* EXERCISE INSTRUCTIONS
In your copy of the records, include every word exactly and no pictures.

[Opening INPUT FOR THIS TASK section]

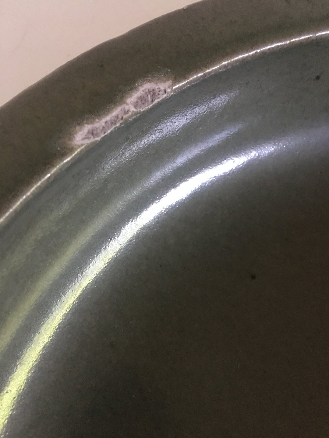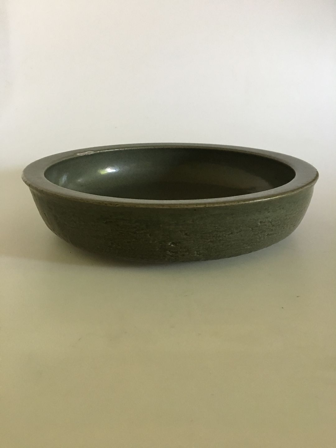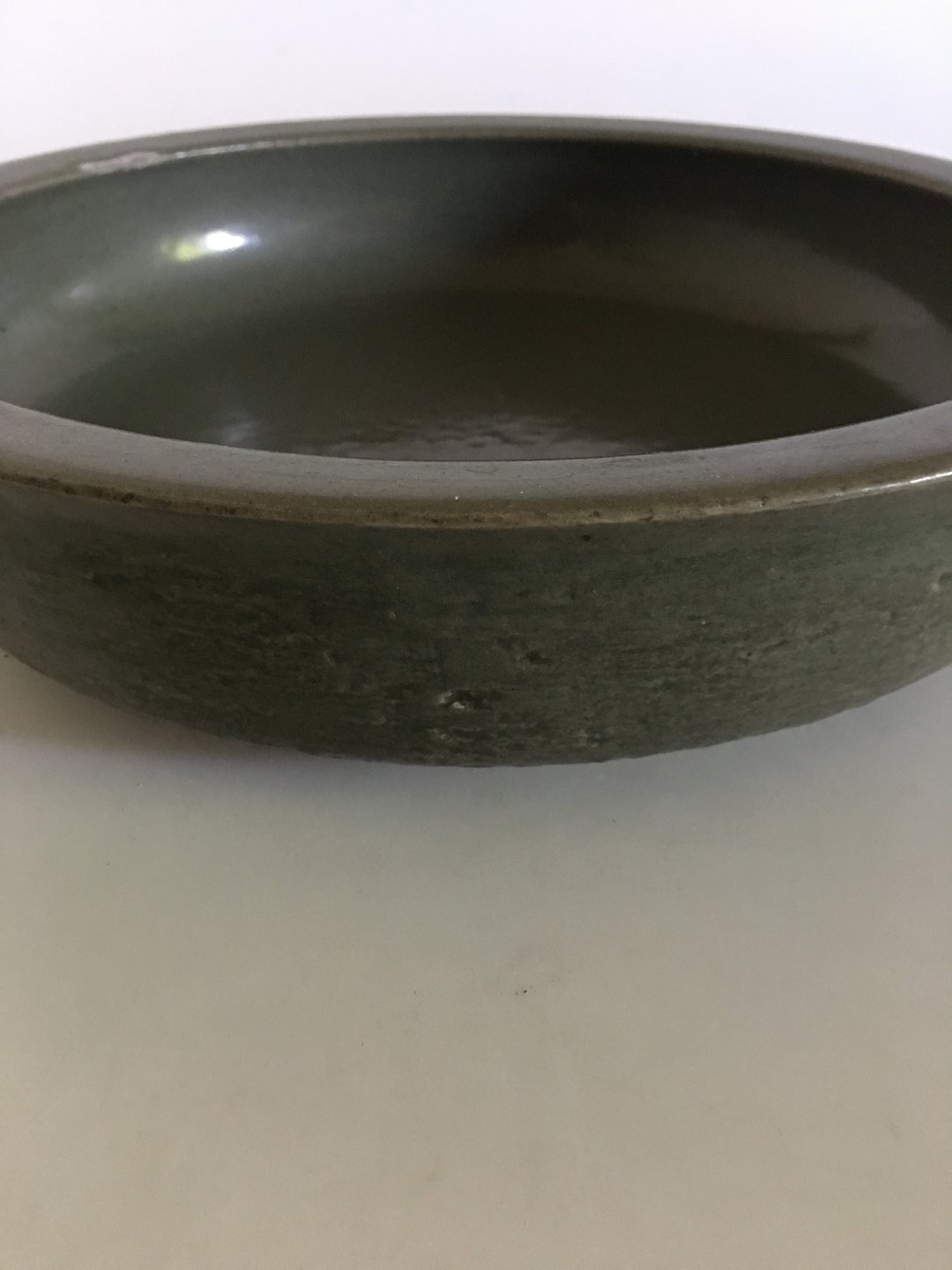 Royal Copenhagen Alev Siesbye Keramik Skål . Olivengrøn 33 cm diameter. 7.5 cm høj. Skålen har desværre fået et slag på kanten (se billede).
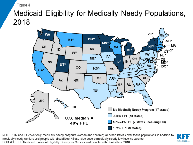 Two-thirds of states (34 of 51) adopt the medically needy option to extend Medicaid to people with high medical expenses who would be eligible in a categorically needy pathway except that their income and/or asset exceeds the maximum limit for that pathway (Figure 4 and Appendix Table 3). Box 2 explains the distinction between categorically and medically needy pathways and provides more detail about establishing eligibility under the medically needy option. All states electing the medically needy pathway must cover pregnant women and children. These states also may extend medically needy coverage to other groups: 32 of 34 states (all but TN and TX) cover medically needy seniors and people with disabilities, and 26 of 34 states (all but CT, HI, MA, TN, TX, VA, WA, and WI) cover medically needy low income parents.14
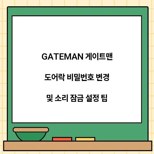 GATEMAN 도어락의 비밀번호 변경 및 소리 잠금 설정 방법을 안내합니다. 쉽게 따라할 수 있는 단계별 가이드를 통해 안전하고 편리하게 사용하세요! ...
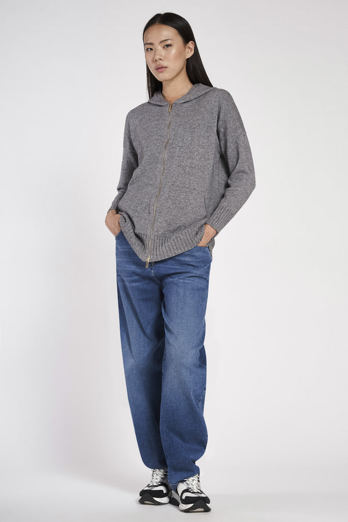 Felpa in viscosa elasticizzata con cappuccio. Fondo e polsini con lavorazione a coste. Linea morb...Learn more
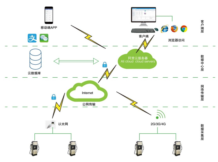 充電樁可選配WIFI模塊或GPRS模塊接入互聯網,配合加密技術和秘鑰分發技術,基于TCP/IP的數據交互協議,與云端進行直連。云平臺包含了充電收費和充電樁運營的所有功能,包括財務管理、變壓器監控和運營分析等功能。
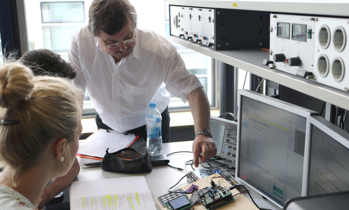 The laboratory is equipped with 12 laboratory bench workstations. Each table has an evaluation board (experimental electronics assembly) for the microcomputer technology and digital technology practical courses. For the microcomputer technology an assembly with an ARM based microcontroller from STM and a graphic LCD with touch screen is used. For the digital technology an FPGA board from Altera is used.
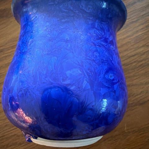 Vasen er i heil og fin ingen nagg noe krakelering som er lite synlig

[Closing INPUT FOR THIS TASK section]

* ANSWER
 Royal Copenhagen Alev Siesbye Keramik Skål . Olivengrøn 33 cm diameter. 7.5 cm høj. Skålen har desværre fået et slag på kanten (se billede).
 Two-thirds of states (34 of 51) adopt the medically needy option to extend Medicaid to people with high medical expenses who would be eligible in a categorically needy pathway except that their income and/or asset exceeds the maximum limit for that pathway (Figure 4 and Appendix Table 3). Box 2 explains the distinction between categorically and medically needy pathways and provides more detail about establishing eligibility under the medically needy option. All states electing the medically needy pathway must cover pregnant women and children. These states also may extend medically needy coverage to other groups: 32 of 34 states (all but TN and TX) cover medically needy seniors and people with disabilities, and 26 of 34 states (all but CT, HI, MA, TN, TX, VA, WA, and WI) cover medically needy low income parents.14
 GATEMAN 도어락의 비밀번호 변경 및 소리 잠금 설정 방법을 안내합니다. 쉽게 따라할 수 있는 단계별 가이드를 통해 안전하고 편리하게 사용하세요! ...
 Felpa in viscosa elasticizzata con cappuccio. Fondo e polsini con lavorazione a coste. Linea morb...Learn more
 充電樁可選配WIFI模塊或GPRS模塊接入互聯網,配合加密技術和秘鑰分發技術,基于TCP/IP的數據交互協議,與云端進行直連。云平臺包含了充電收費和充電樁運營的所有功能,包括財務管理、變壓器監控和運營分析等功能。
 The laboratory is equipped with 12 laboratory bench workstations. Each table has an evaluation board (experimental electronics assembly) for the microcomputer technology and digital technology practical courses. For the microcomputer technology an assembly with an ARM based microcontroller from STM and a graphic LCD with touch screen is used. For the digital technology an FPGA board from Altera is used.
 Vasen er i heil og fin ingen nagg noe krakelering som er lite synlig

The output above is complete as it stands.